The demonstration of Mycobacterium tuberculosis DNA in ancient skeletons gives researchers an insight into its evolution. Findings of the last two decades sketched the biological relationships between the various species of tubercle bacilli, the time scale involved, their possible origin and dispersal. This paper includes the available evidence and on-going research. In the submerged Eastern Mediterranean Neolithic village of Atlit Yam (9000 BP), a human lineage of M. tuberculosis, defined by the TbD1 deletion in its genome, was demonstrated. An infected infant at the site provides an example of active tuberculosis in a human with a naïve immune system. Over 4000 years later tuberculosis was found in Jericho. Urbanization increases population density encouraging M. tuberculosis/human co-evolution.

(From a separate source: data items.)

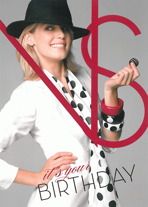 Direct mail piece from Virginia Slims wishing the receiver a Happy Birthday, and delivering coupons. The piece features an image of a young woman holding a piece of chocolate, and ties into the theme of sweet rewards. Text: "Have your chocolate and eat it too. And enjoy these sweet Birthday wishes from your friends at Virginia Slims."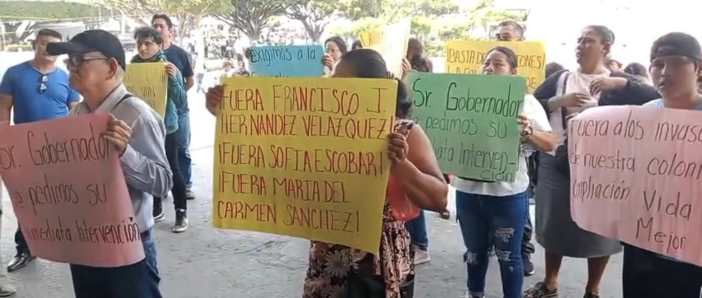 Durante una conferencia de prensa, los colonos señalaron a un grupo encabezado por Francisco Javier Hernández Velázquez, Sofía Escobar Rivera y María del Carmen Sánchez Hernández, a quienes acu-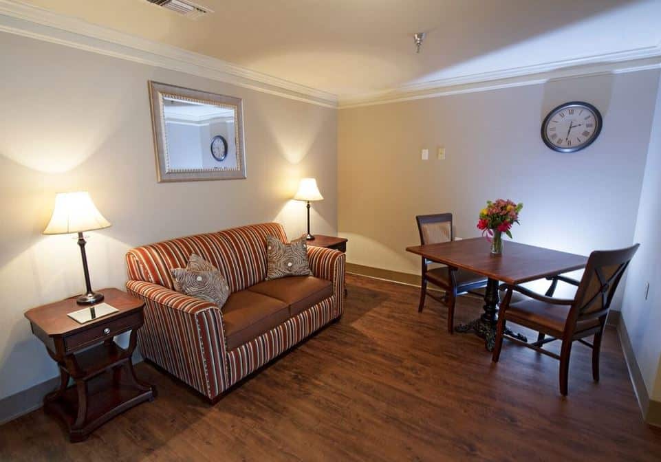 - Comfortable, Home-Like Setting — Residents enjoy private or semi-private rooms with phone and cable, inviting common areas, dining rooms, outdoor patios or courtyards, and shared spaces for socializing.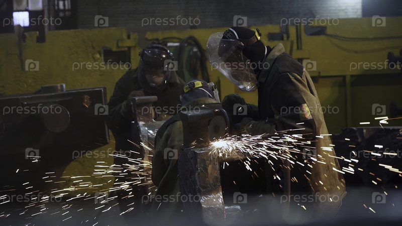 Работники в ярком защитном снаряжении умело работают с тяжелыми машинами, генерируя яркие искры в промышленной среде

As susceptible humans die of tuberculosis, survivors develop genetic resistance to disease. Thus in 18th century Hungarian mummies from Vác, 65% were positive for tuberculosis yet a 95-year-old woman had clearly survived a childhood Ghon lesion. Whole genome studies are in progress, to detect changes over the millennia both in bacterial virulence and also host susceptibility/resistance genes that determine the NRAMP protein and Killer Cell Immunoglobulin-like Receptors (KIRs). This paper surveys present evidence and includes initial findings.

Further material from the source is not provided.